-- Data to use follows --

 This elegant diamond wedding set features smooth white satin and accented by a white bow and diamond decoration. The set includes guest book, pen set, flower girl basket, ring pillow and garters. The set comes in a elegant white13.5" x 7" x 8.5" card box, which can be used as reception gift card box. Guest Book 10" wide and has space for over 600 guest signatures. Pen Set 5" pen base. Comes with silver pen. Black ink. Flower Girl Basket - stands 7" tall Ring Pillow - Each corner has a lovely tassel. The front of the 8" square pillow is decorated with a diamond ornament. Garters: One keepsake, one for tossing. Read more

-- Data to use concluded --
-- Data to use follows --

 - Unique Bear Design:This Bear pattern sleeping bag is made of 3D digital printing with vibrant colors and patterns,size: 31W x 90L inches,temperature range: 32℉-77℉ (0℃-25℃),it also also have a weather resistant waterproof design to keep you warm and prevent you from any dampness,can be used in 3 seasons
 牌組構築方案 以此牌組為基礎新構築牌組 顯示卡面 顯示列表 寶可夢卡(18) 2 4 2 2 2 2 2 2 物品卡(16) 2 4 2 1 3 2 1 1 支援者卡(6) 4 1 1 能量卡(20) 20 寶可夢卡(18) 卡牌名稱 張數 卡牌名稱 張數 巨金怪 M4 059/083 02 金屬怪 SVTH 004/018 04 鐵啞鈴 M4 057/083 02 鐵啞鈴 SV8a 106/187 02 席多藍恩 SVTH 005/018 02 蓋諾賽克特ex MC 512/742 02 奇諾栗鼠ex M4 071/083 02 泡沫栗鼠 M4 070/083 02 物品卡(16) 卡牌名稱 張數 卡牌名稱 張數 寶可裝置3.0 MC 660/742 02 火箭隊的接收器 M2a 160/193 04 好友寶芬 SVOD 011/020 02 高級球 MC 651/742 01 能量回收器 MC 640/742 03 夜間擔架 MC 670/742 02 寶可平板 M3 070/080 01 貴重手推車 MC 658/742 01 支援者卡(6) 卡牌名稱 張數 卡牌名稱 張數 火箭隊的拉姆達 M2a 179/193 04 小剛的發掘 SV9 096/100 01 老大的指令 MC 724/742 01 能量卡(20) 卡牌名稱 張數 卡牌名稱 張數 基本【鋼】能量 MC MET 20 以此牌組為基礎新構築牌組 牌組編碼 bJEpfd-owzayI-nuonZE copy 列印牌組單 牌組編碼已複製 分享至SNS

-- Data to use concluded --

Assignment
Among the entries above, the line containing "- Unique Bear", the line containing "牌組構築方案 以此牌組為基礎新構築牌組 顯示卡面", and all lines between them are to be restated word for word; nothing else belongs in the reply.

Task answer
 - Unique Bear Design:This Bear pattern sleeping bag is made of 3D digital printing with vibrant colors and patterns,size: 31W x 90L inches,temperature range: 32℉-77℉ (0℃-25℃),it also also have a weather resistant waterproof design to keep you warm and prevent you from any dampness,can be used in 3 seasons
 牌組構築方案 以此牌組為基礎新構築牌組 顯示卡面 顯示列表 寶可夢卡(18) 2 4 2 2 2 2 2 2 物品卡(16) 2 4 2 1 3 2 1 1 支援者卡(6) 4 1 1 能量卡(20) 20 寶可夢卡(18) 卡牌名稱 張數 卡牌名稱 張數 巨金怪 M4 059/083 02 金屬怪 SVTH 004/018 04 鐵啞鈴 M4 057/083 02 鐵啞鈴 SV8a 106/187 02 席多藍恩 SVTH 005/018 02 蓋諾賽克特ex MC 512/742 02 奇諾栗鼠ex M4 071/083 02 泡沫栗鼠 M4 070/083 02 物品卡(16) 卡牌名稱 張數 卡牌名稱 張數 寶可裝置3.0 MC 660/742 02 火箭隊的接收器 M2a 160/193 04 好友寶芬 SVOD 011/020 02 高級球 MC 651/742 01 能量回收器 MC 640/742 03 夜間擔架 MC 670/742 02 寶可平板 M3 070/080 01 貴重手推車 MC 658/742 01 支援者卡(6) 卡牌名稱 張數 卡牌名稱 張數 火箭隊的拉姆達 M2a 179/193 04 小剛的發掘 SV9 096/100 01 老大的指令 MC 724/742 01 能量卡(20) 卡牌名稱 張數 卡牌名稱 張數 基本【鋼】能量 MC MET 20 以此牌組為基礎新構築牌組 牌組編碼 bJEpfd-owzayI-nuonZE copy 列印牌組單 牌組編碼已複製 分享至SNS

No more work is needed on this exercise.